If \(b_{1}\) is the slope of the line, it stands to reason that \(b_{0}\) will be the y-intercept of the line—in other words, the predicted value (under the regression model) of y when x is equal to 0. Because the regression line is a line, it will need to be defined by a slope and an intercept. But in the case of a height model trying to predict thumb length, the intercept is purely theoretical—it’s impossible for someone to be 0 inches tall! So it’s pretty weird to predict their thumb length.

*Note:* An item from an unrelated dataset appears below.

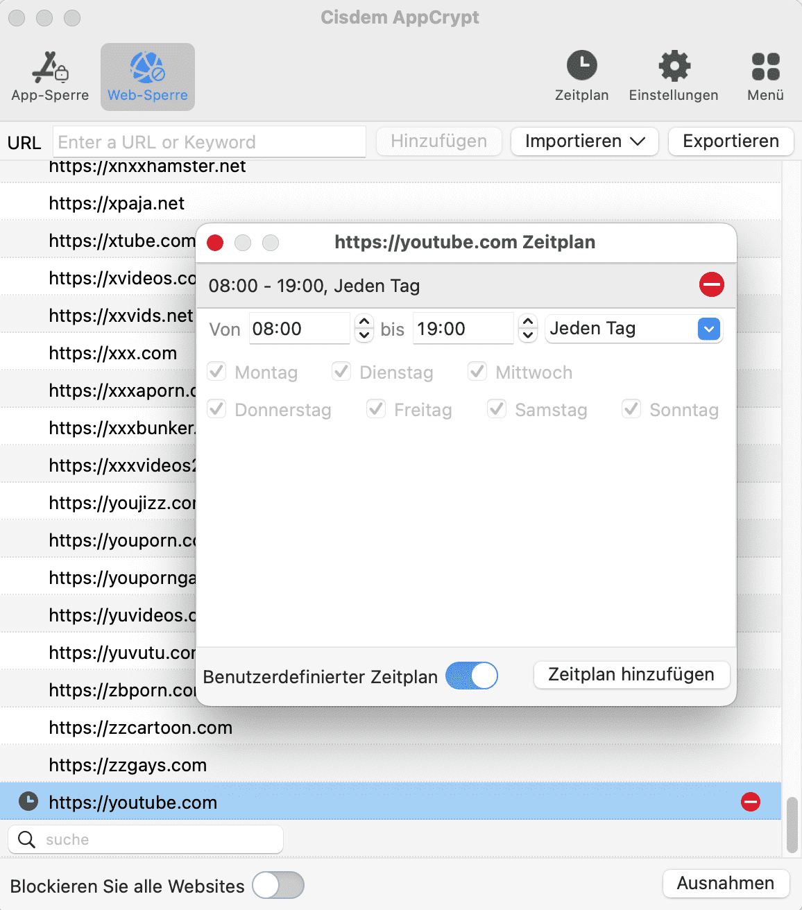 - Wenn Sie soziale Websites wie YouTube oder Instagram für einen bestimmten Zeitraum sperren möchten, klicken Sie auf die Website-URL, dann auf das Uhr-Symbol, aktivieren Benutzerdefinierter Zeitplan, tippen auf Zeitplan hinzufügen. Dann setzen Sie nach Wunsch Zeitplan.

We have summarized these differences between the two models in the table below.
Symbol |
Group Mean Model \(Thumb_{i}=b_{0}+b_{1}Height2Group_{i}+e_{i}\) |
Regression Model \(Thumb_{i}=b_{0}+b_{1}Height_{i}+e_{i}\) |
---|---|---|
\(Y_i\) | Person i thumb length | Person i thumb length |
\(b_0\) | Mean thumb length for short people (59 inches in the tiny dataset) | y-intercept for regression line (predicted thumb length when Height=0) |
\(b_1\) | Increment between short and tall group means for thumb length (6 inches in the tiny dataset) | Slope of the regression line (increment in thumb length for each one-inch increase in height) |
\(X_i\) | Height for person i coded as short=0, tall=1 | Height for person i measured in inches |
\(e_i\) | Error for person i (\(Y_i-\hat{Y}_i\)) | Error for person i (\(Y_i-\hat{Y}_i\)) |